When the sheets were dry she put them back on the bed, tumbling and crumpling them so that the washed places should not show. It was now about a quarter to six. She opened the flat door and looked out. Rush was moving down below. She could hear him sweeping the hall. She ought to put a note out for the milkman. It was extraordinarily stabilizing to think about things like the milkman coming, and having to go round to the shops for groceries. She tried hard to keep her mind on groceries and the milkman.

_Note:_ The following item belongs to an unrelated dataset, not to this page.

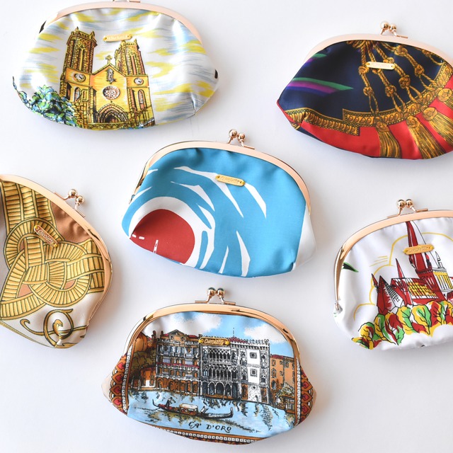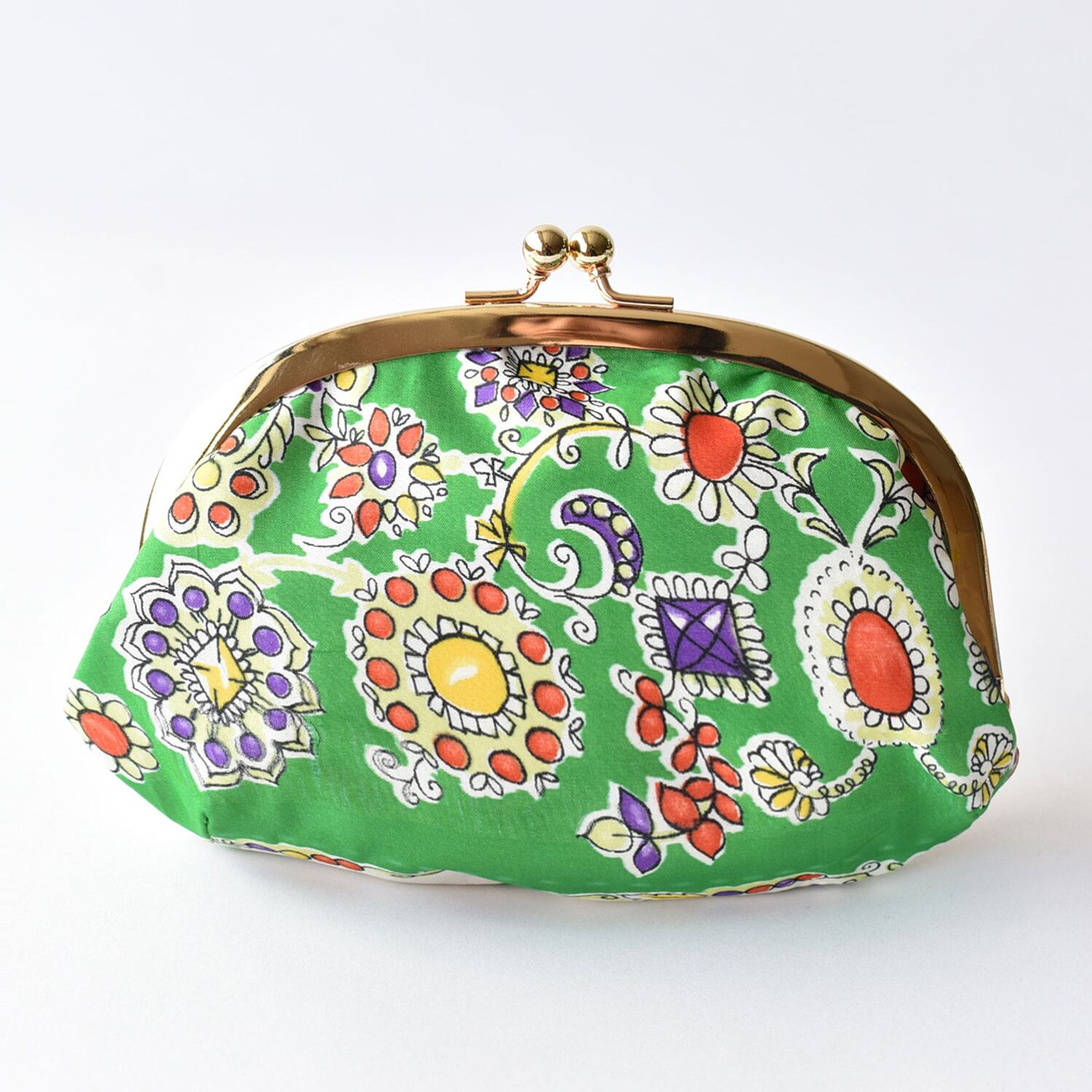 ヴィンテージスカーフをリメイクした、がま口ポーチ。

It was no use, she couldn’t do it. Her eyes went to that shut door, and her thoughts went too. She couldn’t take her eyes away, and she couldn’t stop her thoughts. There is a dreadful sort of nightmare in which you can’t run away and a pursuing something is coming nearer, nearer, nearer. But this was worse, because she couldn’t even stand still. The thing behind that shut door was drawing her-her eyes, her shuddering thoughts. With a frantic effort she dragged them away and ran across the landing to the door of No. 9. Peter-she must get to Peter-then perhaps she would wake up and find it was all a terrifying dream. The quarrel on which she had dwelt with so much satisfaction last night had dwindled to a speck. Peter was Peter, and if she could get to him, everything would be all right.

She rang the bell, and waited with an agonized fear lest he should be away. Her finger went again to the bell, as if its persistent ringing must reach him wherever he was and call him back. But when the door opened and she saw him she was suddenly calm. She said, “I want to come in,” and stepped past him into the hall.

If it had been anyone but Lee, the door would not have been opened widely enough to let the visitor in. But Lee-Lee who was on her way to South America with a damned dago… No, thank God, she wasn’t-she was here.

Peter opened the door so that there should be no mistake about it, and Lee was inside and the door shut again. He said, “Lee!,” and she said, “Peter!” and he put his arms round her and said, “Darling!” And what Lee would have said to that he wasn’t to know, because at that moment the bedroom door opened and Mavis Grey came out. She was wearing the late Miss Mary Craddock’s best thin summer dress, a dark grey silk with a pattern on it of mauve forget-me-nots and black leaves, and at any other time her appearance in this incongruous garment with its shapeless bodice and its long, full skirt, would certainly have made Lee and Peter laugh. At the moment their reactions were of a different nature.

Peter said “Damn!” very heartily, and Lee released herself with a jerk. This was natural enough. It was Mavis whose behaviour was surprising. She stared at Lee, and all the colour went out of her face. Left high and dry, the brightly painted lips were in abrupt and shocking contrast with its pallor. She gave a faint sobbing cry and stammered out words which made no sense.